Although using classic horror symbols such as werewolves, an unseen
evil power and the possession of a human soul, the story is neither
as frightening nor as shallow as is typical of the genre. There is more
going on here than mere good overcoming evil or vice versa. The god
Qinmeartha created life and he seems to be destroying it unless the
Girl-Child LoChi intercepts. This is like the Jesus story: the All Powerful
creates everything, an uppity servant seeks to undo it all, the son
of God steps in as saviour. But the Qinmeartha story is more concerned
with the balance of nature -- positive forces balancing negative forces,
light balancing dark -- than with abstract non-absolutes like good and
evil battling each other for dominance. Christian mythology, with its
obsession with two types of souls, sanctified and cursed, can have only
one answer for each person on the all-important question: Are you saved?
And once answered, for all eternity nothing changes for that soul. With
Qinmeartha, by contrast, it's hard to say what's good or bad, right
or wrong. He is both creator and destroyer.
The Gilmours cause the town to die, yet they attract the Girl-Child
LoChi. Are these two entities -- Qinmeartha and the Girl-Child LoChi
-- good or evil? Is there a difference? Does it matter? These questions
seem to be irrelevant in this mythology. Balance is more important than
one side overcoming the other.
While matters of the spirit are all-important in the Grant story, the
same cannot be said for The Tomb of the Old Ones, by Colin Wilson.
This is a straightforward science-fiction tale, presented in a Poe-like
or Lovecraft-like style. The main character begins the narration with
a rather detailed and seemingly superfluous account of events leading
up to the present and his own involvement in the current phenomenon
In this story, Matthew Willoughby recounts how his grandfather, Daniel,
inspired by the early conquests of Antarctica, dreamt of a lost civilization
under the ice. While Daniel firmly believed in the existence of said
civilization, he was unable to prove it because the technology he needed
hadn't been invented yet.
Matthew inherits his grandfather's dreams and belief in the existence
of the lost community. He eventually teams with a celebrated inventor,
Trask, and they travel with a group to Antarctica. With newer testing
equipment and powerful lasers not available during Daniel's time, Matthew
and Trask are indeed able to uncover the lost race. Once discovered
and thawed, the strange half-animal, half-plant survivors begin to show
signs of returning to life. Realizing the dangers to the human race
of an unknown and seemingly powerful species, the team returns home,
and in classic fashion agrees never to let anyone know about the discovery.

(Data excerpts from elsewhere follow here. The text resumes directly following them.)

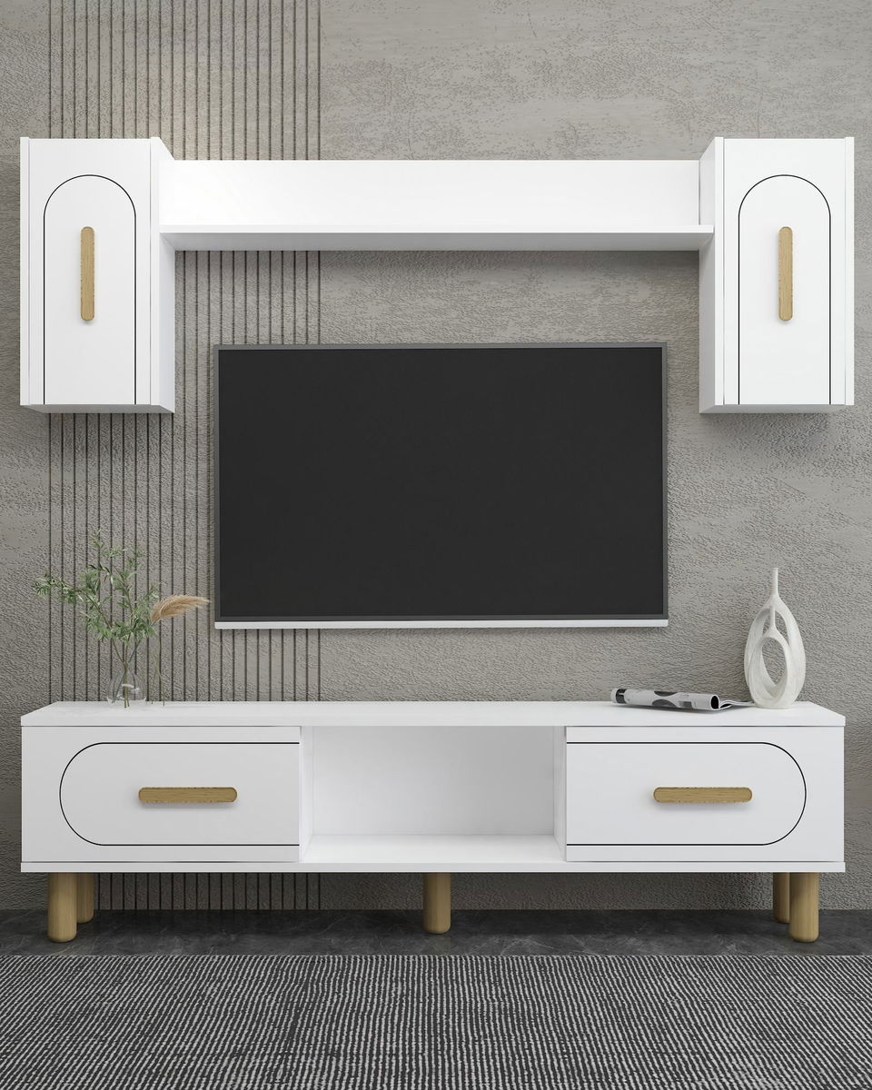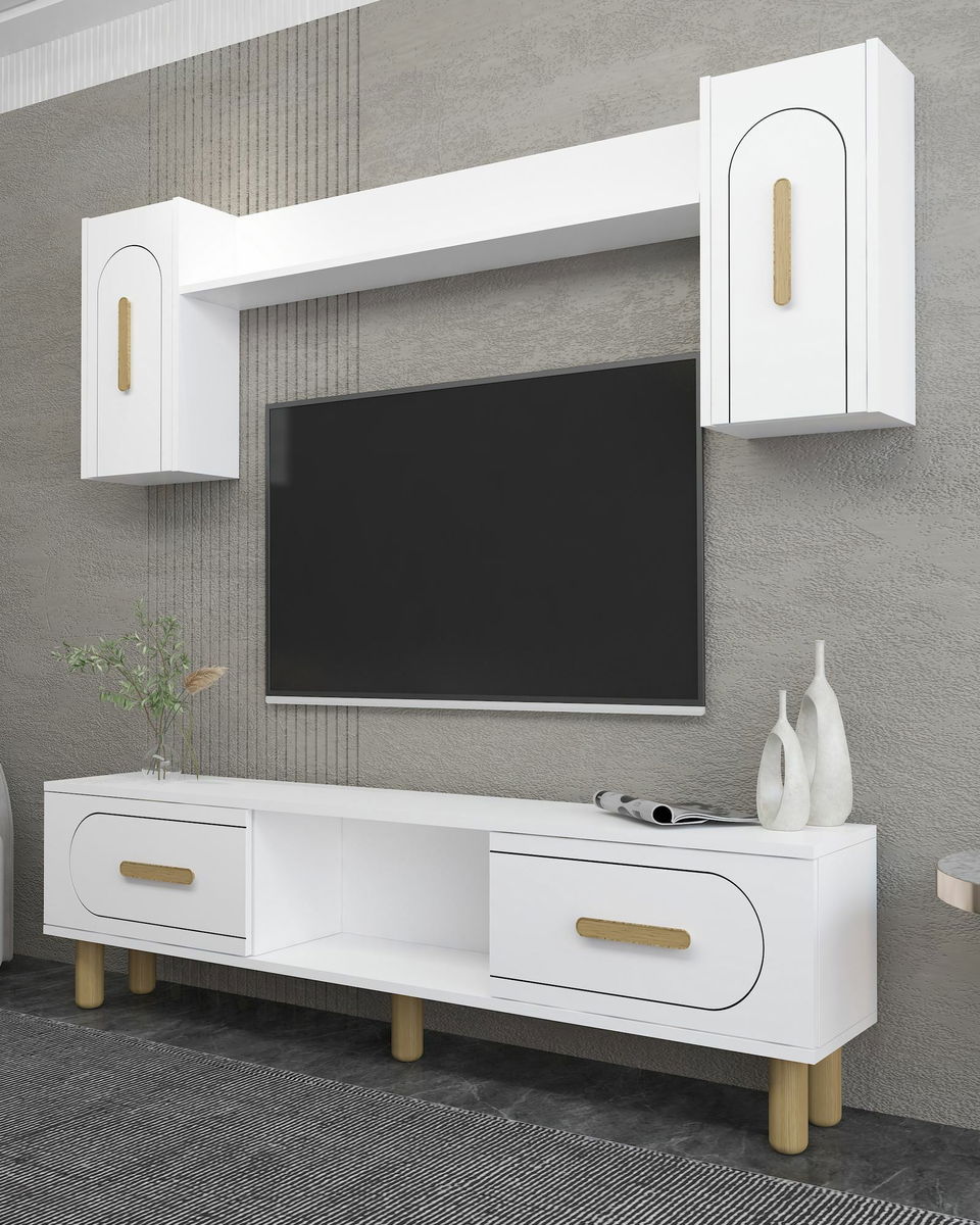 Obývacia stena Yosua (biela + dub zafírový)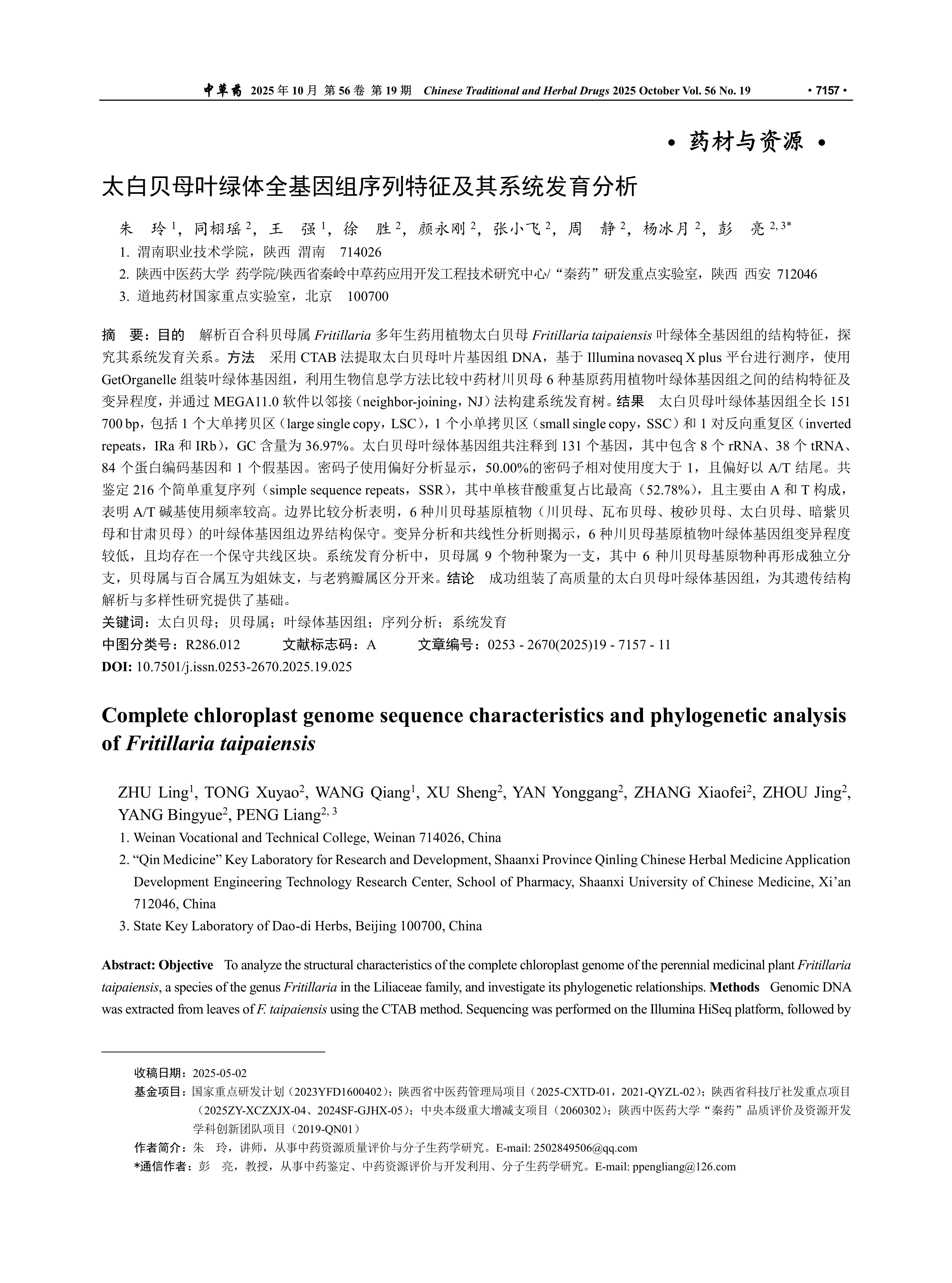 国家重点研发计划(2023YFD1600402);陕西省中医药管理局项目(2025-CXTD-01,2021-QYZL-02);陕西省科技厅社发重点项目(2025ZY-XCZXJX-04、2024SF-GJHX-05);中央本级重大增减支项目(2060302);陕西中医药大学“秦药”品质评价及资源开发学科创新团队项目(2019-QN01)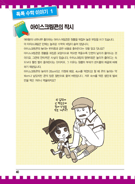 ● 두 가지 학습 콘텐츠 ‘쏙쏙 수학문제’, ‘톡톡 수학이야기’ <테일즈런너 수학킹왕짱> 18권의 쏙쏙 수학문제에서는 소수에 관한 문제들을 다룬다. ‘소수의 계산’, ‘몫을 반올림하여 나타내기’, ‘올림과 내림’ 등 다양한 문제가 수록되어 있다. 문제들은 상중하 난이도로 구성되어 있어 쉬운 것부터 어려운 내용까지 차근차근 경험해 볼 수 있다. 변별력 있는 문제들과 함께 학습되는 여러 ‘풀기’ 문제를 통해 좀 더 폭 넓은 수학의 세계를 경험할 수 있을 것이다.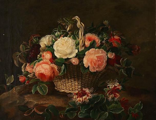 Roses in a basket on a tree stump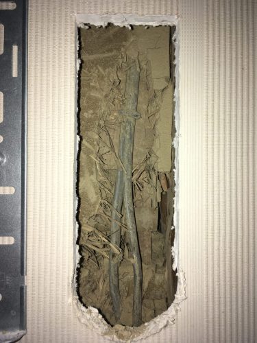 う~ん何とも言えない嫌な感じ。エアコンの配管穴をあけるときはコンセントやスイッチの位置を十分確認して、電気配線が壁の中を通っていない事を確認してから開けるのですが、まさかここに配線が壁に埋まった状態で通っているとは思いませんでした。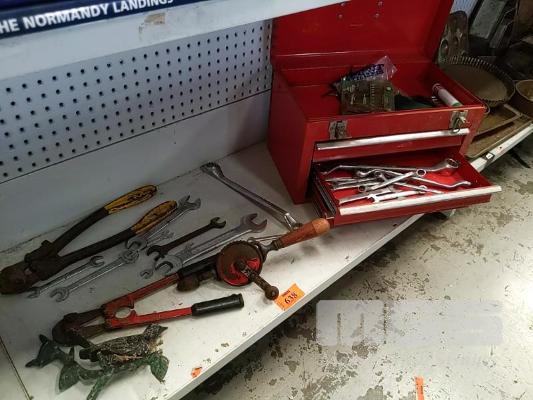 TOOLBOX WITH SPANNERS, BOLT CUTTERS, ETC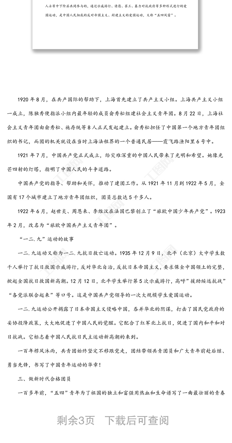 慶祝建團100周年專題團課講稿匯編(3篇)(共青團)包含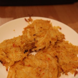 锅内放油加热,放入团成饼的土豆面团。小火煎至两面金黄,可根据口味配番茄酱或其他小料。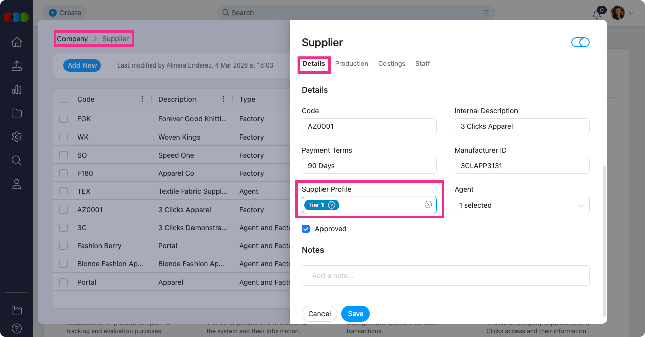 Edit Supplier > Details > Supplier Profile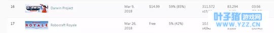 随着吃鸡游戏的走红,不少厂商都试图给自己的游戏打上“吃鸡”标签蹭一波热度。而为了避免与《绝地求生》正面碰撞,其他吃鸡类游戏必须像《堡垒之夜》一样另辟蹊径。在SteamSpy首页排行榜中,《达尔文计划》(DarwinProject)与《RobocraftRoyale》以独特吃鸡玩法脱颖而出。《达尔文计划》玩法类似电影《饥饿游戏》,主打直播互动,《RobocraftRoyale》则借由Steam的官方推特宣传下人数迅速蹿升。另外还有靠网友奔走相告悄然走红的《SOS》,游戏同样有“直播”要素, 16名玩家将被空投到热带岛屿上进行厮杀,一切战斗和暗杀都将被实况转播给观众们。以上这些游戏多处于抢先体验阶段,正式版还需一段时间。

Both of these short novels are written exceptionally well, keeping
the reader's attention to the end. Both authors masterfully weave the
lives of rather ordinary characters into supernatural circumstances
without the usual sputtering through the period of disbelief until the
character is faced with the inevitable evidence that "yes, there is
a devil (or an angel, or a ghost, or whatever the story is about) standing
in front of me".
Joanna, in Qinmeartha and the Girl-Child LoChi has no problem
knowing her dreams are telling her something. She realizes they are
depicting truth. In addition, she knows the Gilmours are turning into
nightmare creatures and exchanging their genders with each other, and
that the town is dying by an unknown force. Yet she is just as firmly
rooted in the mundane world of losing a job, having an abortion and
being dumped by a boyfriend. She's not clairvoyant or mystical. Yet
being thrust into the realm of the supernatural is not a shock or a
fight. It feels normal; the flow of the story is not compromised.
Likewise, Matthew is convinced his dreams are more than just respite
from the day's demands. Someone is contacting him through them. He's
a normal guy in college -- somewhat nerdy, maybe, but pretty average.
College guys in general would probably ignore the feeling that a dream
was more than a dream. But, like Joanna in the Grant novel, Matthew
accepts it, and we unquestioningly follow his foray into the fantastic.
One unbelievable element in Matthew's story is the agreement between
six individuals that the most astounding discovery of all time should
be kept secret. It's a bit hard to swallow a situation where not one
of these persons would believe there's a way to contain these potentially
dangerous members of a lost species. When someone's scientific reputation
could be elevated to Jane Goodall status overnight, it would be difficult
to keep the news to oneself. But we'll forgive the pat ending.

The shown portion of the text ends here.